Actually the only shellfish I eat is scollies straight from the sea.

Sounds like a good recipe but just not for me I'm afraid..............................means more for the rest of you guys

----------


## gadgetman

> Forum fishing trip in Feb.... Reckon we can get a few down our necks that weekend eh.


I'm in!

----------


## Scouser

@stingray Hi mate, did this at the weekend, started friday night they were 'wolfed' down saturday arvo....everyone complemented 'me' on the taste....cheers mate

will do next time with 'Hot' sweet chilli sauce and some sliced garlic....cant wait

----------


## stingray

Cheers @Scouser!! Really like your ideas. It's going to be a tasty summer!

----------


## kotuku

stingray me old china -the mere sight of that brew suffices to induce a rajah on an amoeba!-Gimme,gimme,gimme.
PS gadget -if ya don't remove ya tongue it'll get chomped too!

----------


## veitnamcam

My Son and I ate half of them while cooking and opening them, those that remained went into this brew slightly modified.
I didnt have enough malt vinegar and used cider vinegar to top off, added crushed garlic and and ghost chilli flakes.

----------


## Ruawai

They look good, I might give a bit of chilli a go next time. I do
 1 vinegar,
1 sugar
2 water 
1 onion 
They need to be cold when they go in or they go mushy. I did mussels rapted in bacon last night, they went pretty quick.

----------


## Tommy

Chilli mussels and beer mmmmmmmmmmmmmm my arse turns into a fire trumpet  :Thumbsup:

----------


## Pengy

Chilli mussels topped with bacon and cheese before being lightly grilled.....try it

----------


## R93

> Chilli mussels topped with bacon and cheese before being lightly grilled.....try it


Recipe please. Or is it self explanatory 

Sent from my SM-T510 using Tapatalk

----------


## Beaker

> Recipe please. Or is it self explanatory 
> 
> Sent from my SM-T510 using Tapatalk


Fuck you're hopeless....
Thankfully your lovely wife can cook..... :Wink:

----------


## Pengy

I am no Rik Stein  :Wink: 
Steam mussels till they pop.Cool in fridge . Put on a baking tray and top with grated cheese and finely chopped bacon. Sprinkle (great word that one) with Chilli flakes before putting under a medium grill to brown bacon/cheese combo

----------


## Pengy

I think the non chilli version is called Mussels Kilpatrick

----------


## ROKTOY

> Chilli mussels topped with bacon and cheese before being lightly grilled.....try it


Do this in a half shell and add a little bit of red wine to each.

----------


## mikee

Why on earth would you waste good marinade on..........................bait??  :Grin:

----------


## R93

> Fuck you're hopeless....
> Thankfully your lovely wife can cook.....

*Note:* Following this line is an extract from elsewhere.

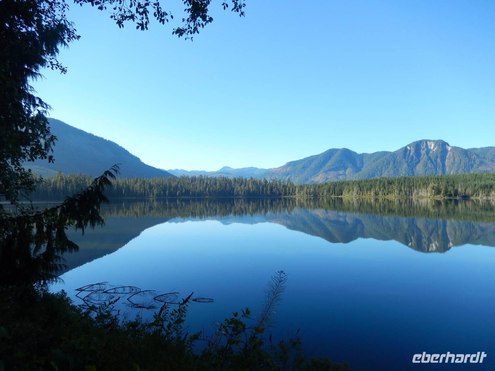 Mit kleiner Nachttasche für die heutige späte Ankunft ausgerüstet brachen wir heute noch im finsteren Morgengrauen zum Terminal der BC Ferries auf, um von Prince Rupert die etwa 500 Kilometer auf dem Wasser bis nach Port Hardy auf Vancouver Island zurückzulegen. An Bord der Fähre angekommen gab es erst einmal für alle Frühstück, bevor schließlich jeder für sich das herrliche Wetter an Deck genießen oder sich in den gemütlichen Sitzplätzen im Innern entspannen konnte. Wir durchquerten die fjordartige Insellandschaft der Inside Passage und entdeckten unterwegs Wale, verschiedene Vogelarten und natürlich hunderte Kilometer bewaldeter Küstenlandschaft. Nach einem Zwischenhalt im indianischen Küstenort Bella Bella setzten wir unsere insgesamt 17stündige Fahrt fort und erreichten schließlich spät am Abend unseren Hafen in Port Hardy. Zu dieser Uhrzeit wollte natürlich niemand mehr seinen schweren Koffer ins Zimmer hieven, zum Glück waren wir bestens vorbereitet.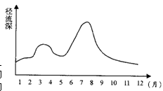 径流深=径量总量/(1000x流域面积)。下图为我国某河流下游某断面的月径流深的变化示意图。结合材料与示意图完成下列各题。

Yes....yes I am but my wife doesnt cook any seafood or wild game. I do it all. I reckon I am better all around cook than my wife by a slim margin. She is an amazing baker tho. I bake scones that would have a registrable BC but wouldn't be any good for hunting as they wouldn't mushroom.

Sent from my SM-T510 using Tapatalk

----------


## R93

> I am no Rik Stein 
> Steam mussels till they pop.Cool in fridge . Put on a baking tray and top with grated cheese and finely chopped bacon. Sprinkle (great word that one) with Chilli flakes before putting under a medium grill to brown bacon/cheese combo


Thank you. 

Sent from my SM-T510 using Tapatalk

----------


## Beaker

> Thank you. 
> 
> Sent from my SM-T510 using Tapatalk


Also cook the bacon a bit first. Then you don't over cook the seafood.

----------


## Pengy

As to quantities....bacon/cheese/mussels....who gives a f  :Thumbsup:

----------


## bunji

> Steam and shell mussel. You will need 
> One medium red onion
> Raw sugar 4 Tbl spoon 
> Sweet chilly sauce 2 tbl or to taste 
> Malt vinager 500 
> Attachment 43041
> Mix sweet chilli and raw sugar with 100 mills of vinager until sugar is disk led
> Add rest of vinager bit by bit to suit your taste ... You don't want it to sweet as the mussel reduce the vinagers bite over night 
> 
> ...


Nice one mate. A bit of Ginger goes great with them as well ,l basically just use my old Nummus recipe scaled back to quantity for them,these are one of my favorite sitting on the back verandah with a cold beer snacks.

----------


## Gapped axe

I steam the mussel till it just opens, then half the shell and remove the beard and tongue thingy. I then pour garlic butter over them, after this I just sprinkle lashings of cheddar cheese on top and then I grill them till brown, or micro wave  till melted thougfhrly. .

----------